• j4k3@lemmy.world
    link
    fedilink
    English
    arrow-up
    11
    ·
    11 months ago

    Introducing EEVDF

    The “Earliest Eligible Virtual Deadline First” (EEVDF) scheduling algorithm is not new; it was described in this 1995 paper by Ion Stoica and Hussein Abdel-Wahab. Its name suggests something similar to the Earliest Deadline First algorithm used by the kernel’s deadline scheduler but, unlike that scheduler, EEVDF is not a realtime scheduler, so it works in different ways. Understanding EEVDF requires getting a handle on a few (relatively) simple concepts. …

    … For each process, EEVDF calculates the difference between the time that process should have gotten and how much it actually got; that difference is called “lag”. A process with a positive lag value has not received its fair share and should be scheduled sooner than one with a negative lag value.

    In fact, a process is deemed to be “eligible” if — and only if — its calculated lag is greater than or equal to zero; any process with a negative lag will not be eligible to run. For any ineligible process, there will be a time in the future where the time it is entitled to catches up to the time it has actually gotten and it will become eligible again; that time is deemed the “eligible time”.

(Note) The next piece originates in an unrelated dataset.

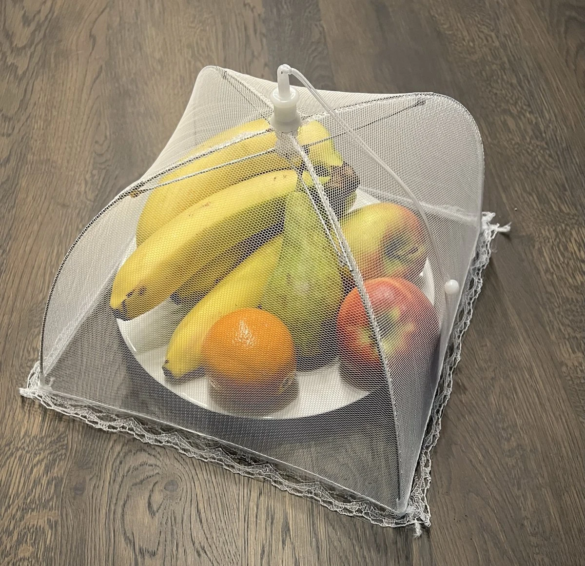 Veilig online shoppen doe je bij ons!Voorkom wespen en vliegen op je eten tijdens een barbecue of etentje in de tuin met deze witte vliegenkap.

    The calculation of lag is, thus, a key part of the EEVDF scheduler, and much of the patch set is dedicated to finding this value correctly. Even in the absence of the full EEVDF algorithm, a process’s lag can be used to place it fairly in the run queue; processes with higher lag should be run first in an attempt to even out lag values across the system.

    End of my little TL;DR


    So basically ‘Even more + CFS’.

    I want the opposite in a scheduler, I want bottleneck optimisation for AI and CAD.

    I also wish there was an easy way to discover if my 12th gen i7 has AVX512 instructions fused off or just missing from microcode (early 12th gen had the instruction, but it was unofficial and discovered by motherboard makers. Intel later fused it off entirely according to some articles. Allegedly, all it took was running the microcode from the enterprise P-core which is identical on the consumer stuff.) I would love to have the option to set a CPUset affinity and isolation for llama.cpp (that automatically detects if the AVX ISA is available), and compare the inference speed with my present strategy.

    My understanding is that the primary bottleneck in tensor table math is the L2 to L1 cache bus, but I’m basically just parroting that info on the edge of my mental understanding.